The characters on The Practice would live through what could only be considered a constant case of PTSD. Marriages would fall apart, the friendships binding the firm would become increasingly frayed and in the later seasons, the clients would become more obviously guilty and it would become increasingly hard for the attorneys to even go through the motions of a real defense. Increasingly the firm’s reputation would suffer and more and more often the DA’s office and judges would take increased pleasure in attacking the firm.
I don’t know if this was Kelley’s intention when he started the series, but by the end of The Practice’s run you began to get the feeling that the characters were being punished for representing the worst criminals imaginable. There have been sleazy attorneys on other Kelley series — Richard Fish on Ally McBeal didn’t even hide the fact he only cared about money and Alan Shore (James Spader, who would begin his work on The Practice’s final season) was a brilliant legal mind who was fired from two firms for his methods and at his final firm (on Boston Legal) was regard by the partners with not even veiled contempt. But the longer The Practice stayed on the air, you got the feeling that Kelley was sending the message that if you represent the guilty, you’re not worthy of being among the company of other lawyers.
And considering that The Practice was of the biggest critical and audience hits of the late 1990s/ early 2000s (it won Best Drama in 1998 and 1999, the latter time beating the first seasons of The Sopranos, and won more a dozen awards for its acting particularly in the Guest Actor and Actress category) you kind of wonder if this message permeated the consciousness of the psyche the same way that Law and Order’s did. That attorneys like Bobby Donnell and Alan Shore were contemptible for doing what they did and that to an extent, deserved to suffer for their sins. The prosecution was represented just as much during the series run (mostly by Lara Flynn Boyle) and there would be quite a few prosecutors who would be willing to cut corners in order to get convictions but whatever their abuses were paled in comparison to the agony that the lawyers at Donnell and Associates had to go through with their clientele.

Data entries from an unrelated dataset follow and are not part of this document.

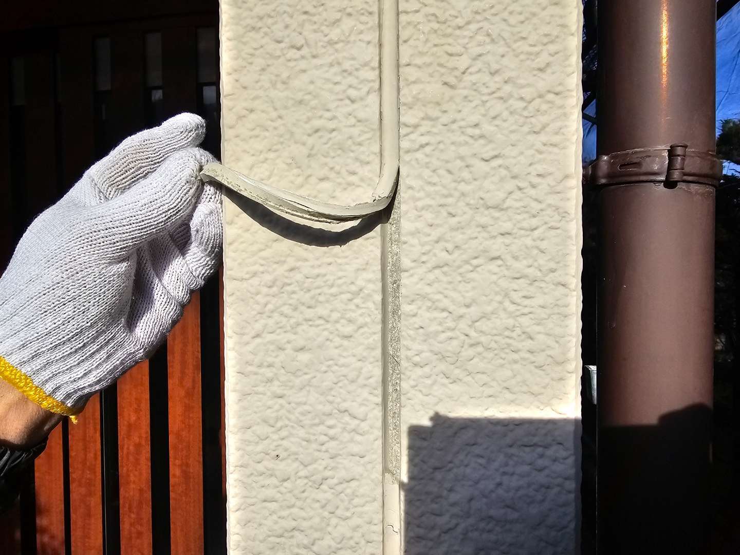 春日井市N様邸の昨日の作業内容は、外壁目地部の打替え・増し打ち作業を行っています。
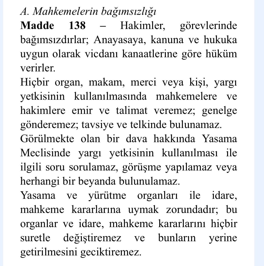 Anayasamızın 138. Maddesine göre; görülmekte olan bir dava ile ilgili hiçbir organ, yasama meclisi, makam, mevki ya da kişi emir, talimat ya da tavsiye veremez; telkin ya da beyanatta bulunamaz…
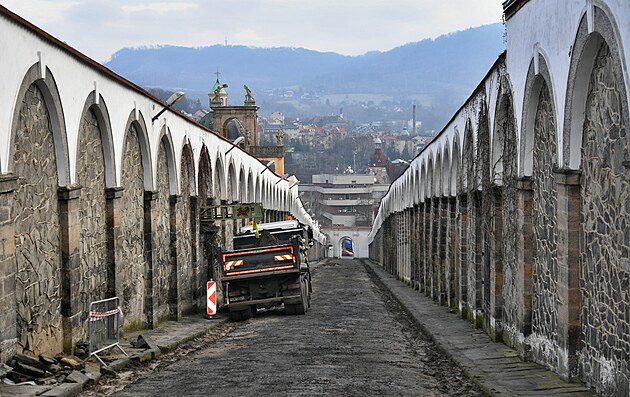 Skoro tři stovky metrů dlouhou přístupovou cestu na děčínský zámek zvanou Dlouhá jízda začali rekonstruovat na začátku února. (16. února 2024)
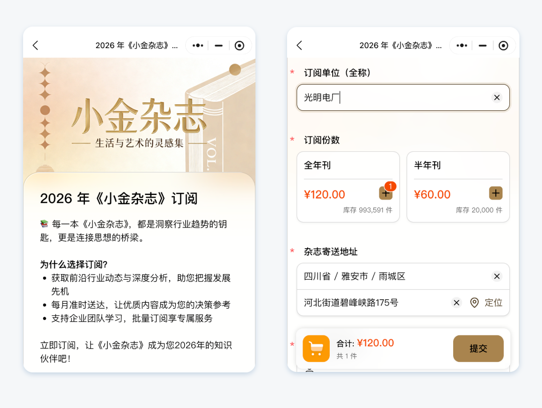 如何高效开启杂志、期刊的线上订阅,并同步完成费用收取、邮寄地址采集以及发票信息登记?
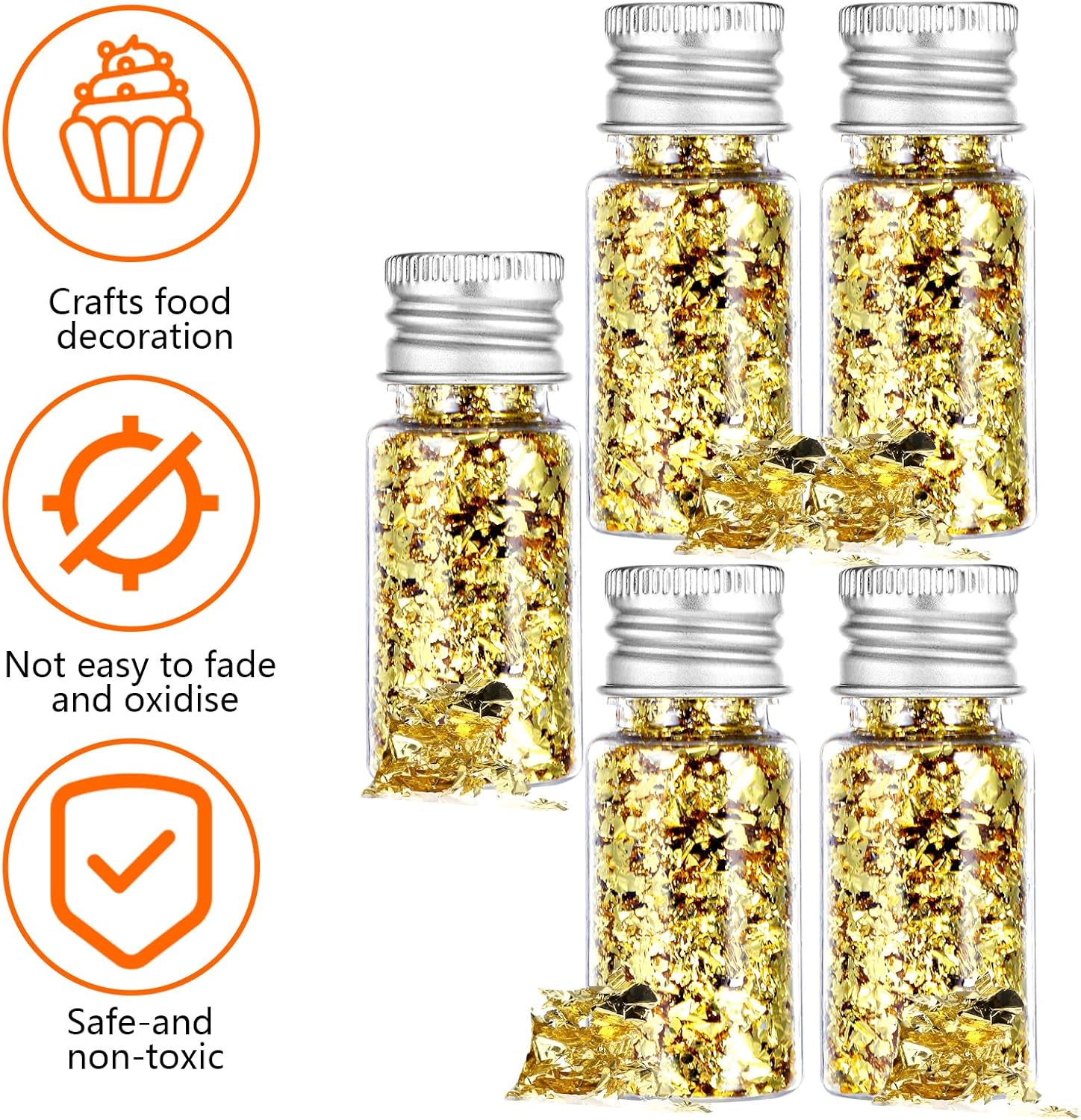 • WHAT YOU WILL GET: You will get 5 bottles of foil sheets for crafts with a clip, the bottle size is 2.09 × 0.87 inches, the clip length is 4.72 inches, gold leaf is enough to meet your various usage needs.
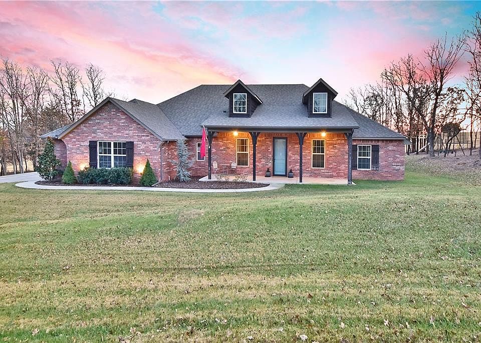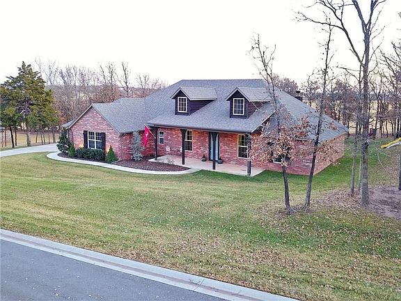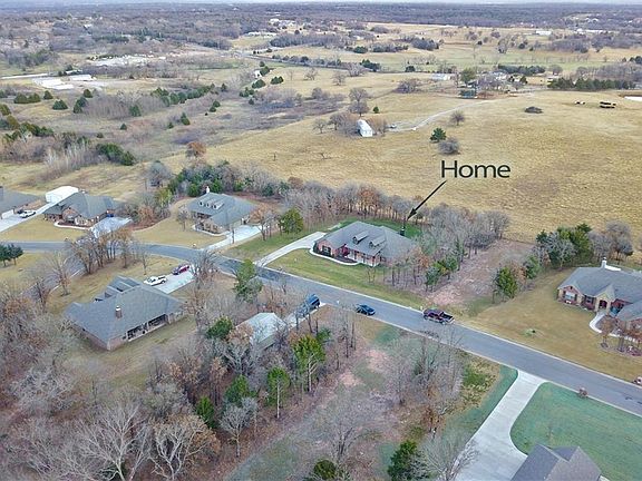 This beautiful home sits on almost an acre, with the covered patio overlooking a wide open view, and a covered front porch to enjoy coffee in the mornings. The large open floor plan has an abundance of natural light. The large gourmet kitchen comes w/ an island, granite counters, custom cabinetry, breakfast bar, and pantry. The en suite master bath has a large corner tub to soak away the day's cares; it also has a separate shower, his/her vanities, and a large walk in closet. Custom reclaimed wood planning center in laundry room and custom shiplap in entryway & master bedroom! 3 car garage with a large driveway for oversized vehicles or a boat, and Woodland Farms is shop approved! Storm shelter!
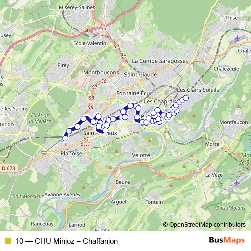 The first stop of the 10 bus route is CHU Minjoz and the last stop is Chaffanjon. 10 (CHU Minjoz – Chaffanjon) is operational during tous les jours.
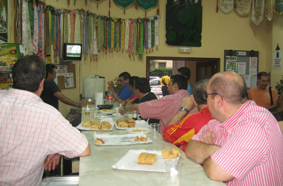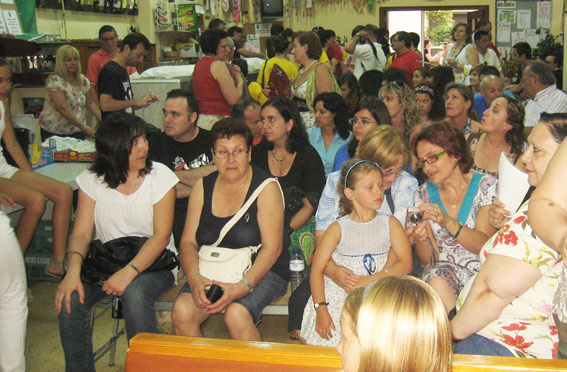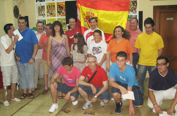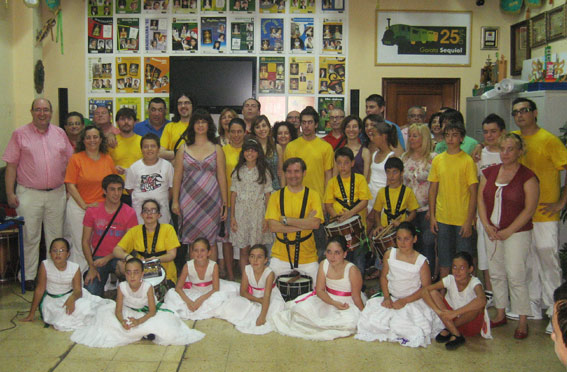 Fotografía de los componentes de las diversas actividades Refrigerio servido en la plaza con el hinchable al fondo Los Sequiolos tampoco se perdieron el partido Paraguay- España La A.C. Gaiata 15 Sequiol cierra el curso de la Magdalena 2010 con el acto de clausura de sus actividades. El Cau de la A.C. Gaiata 15, Sequiol, acogió el sábado 3 de julio la fiesta de clausura del curso de la Magdalena 2010 con la clausura de actividades culturales y deportivas y el agradecimiento a todas las familias que hacen posible el crecimiento constante de la asociación cultural, como colectivo implicado en todos los ámbitos de la vida castellonense. La fiesta comenzó con una demostración de baile del grupo de bailes regionales, que interpretaron el ‘Ball Plá’ seguida del reconocimiento a los participantes en el grupo de teatro valenciano. A continuación, fue el turno de los componentes del equipo de fútbol sala del Sequiol, quienes recibieron el aplauso de los presentes. Una demostración de baile latino a cargo del grupo de bailes de salón dio paso a la exhibición final, a cargo de los miembros de la Escola de Dolçaina i Tabal de la Gaiata 15, quienes junto con los integrantes de la Sección de Dolçaina i Tabal interpretaron la ‘Gener” y "Salimar". A medida que cada uno de los grupos integrantes de las distintas actividades acudian al escenario, las madrinas de 2010, Irene Lerma y Lourdes Mª Climent, junto con el presidente infantil Alvaro Voltes, hacían entrega de una estupenda fotografía patrocinada por Estudio Gama, en la que se recogían diversos momentos de la actividad. Asimismo, al finalizar el acto también fueron obsequiadas las familias que componen este colectivo con una fotografía de los monumentos gaiateros del Sequiol en 2010, también gracias al patrocinio de Estudio Gama. Para finalizar, se sirvió un ágape al aire libre y se montó un castillo hinchable que hizo las delicias de los niños, y posteriormente dio comienzo el baile, que se prolongó hasta altas horas de la madrugada. Con este acto de clausura del curso, la Gaiata 15, Sequiol, dio por finalizado el ejercicio magdalenero 2010 y se prepara ya para afrontar el camino hacia la próxima Magdalena 2011.
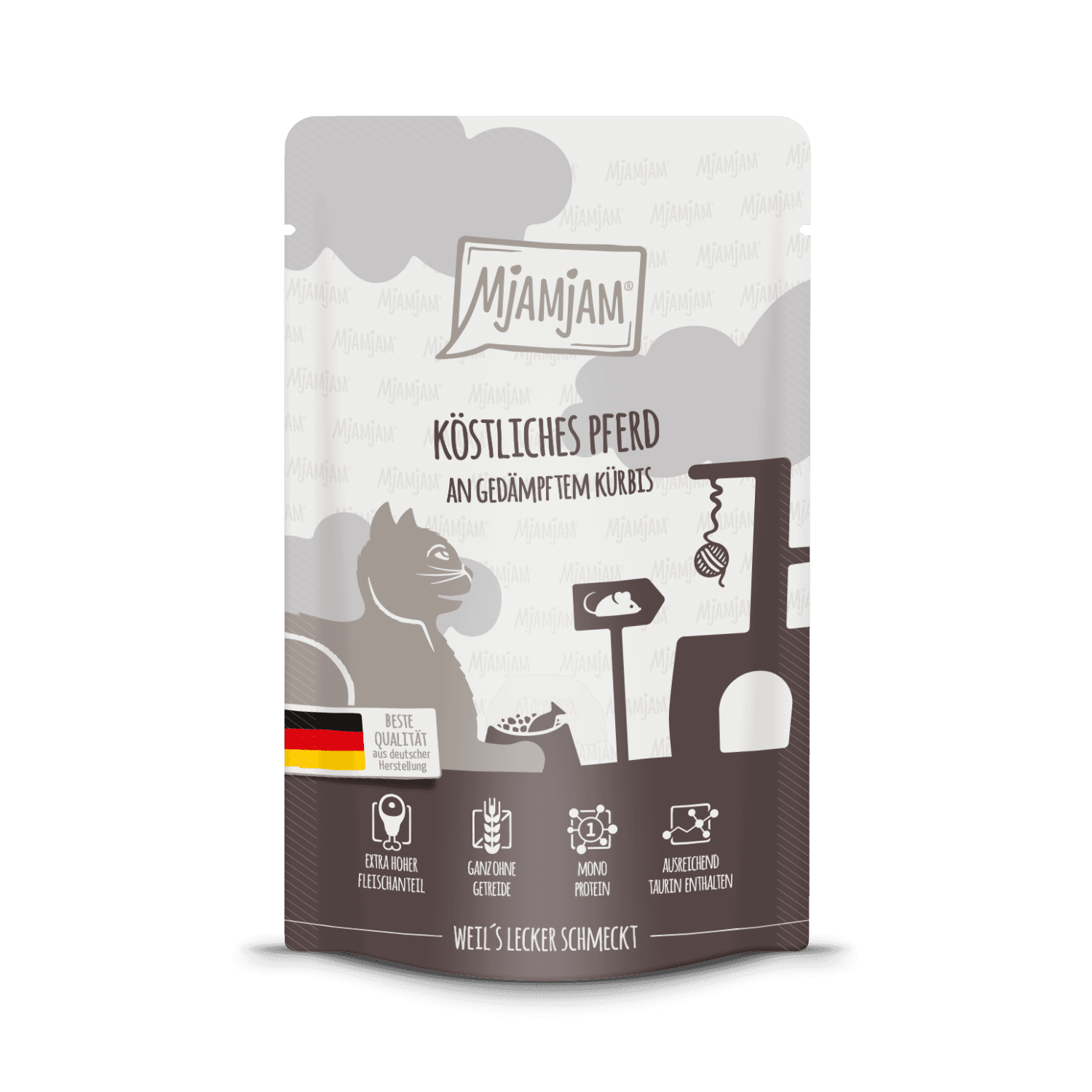 Diese Mahlzeit bietet deinem Liebling alles was er braucht. Das frische Pferdefleisch, verfeinert mit gesundem Kürbis, gibt ihm ein einzigartiges und exklusives Genusserlebnis, das ihn zugleich mit allen wichtigen Vitaminen und Mineralien versorgt. „Artgerecht, natur- und beutenah“ – dies steht bei uns für einen sehr hohen Fleischanteil. Auf Getreide, Zucker, Konservierungs- oder Geschmacksstoffe sowie synthetische Bindemittel wird vollends verzichtet.““MjAMjAM – Köstliches Pferd an gedämpftem Kürbis

Kelley’s creative ability peaked after The Practice ended. He would write other critical and popular hits — Boston Legal for ABC and the Kathy Bates vehicle Harry’s Law for NBC — but these series would be far more focused on political elements (I have written extensively about this in a previous article, so I won’t repeat myself here) and as a result were far less subtle. He has returned to greater recognition mostly for series like Big Little Lies and Big Sky and limited series like The Undoing. But he hasn’t entirely left his legal roots — one of his less noticed series was the Amazon series Goliath featuring Billy Bob Thornton as an attorney who takes on corporate giants.
I’ll wrap up this series later in the week as I deal with what the defense attorney looks like today and if there are any examples that can give us hope for the future.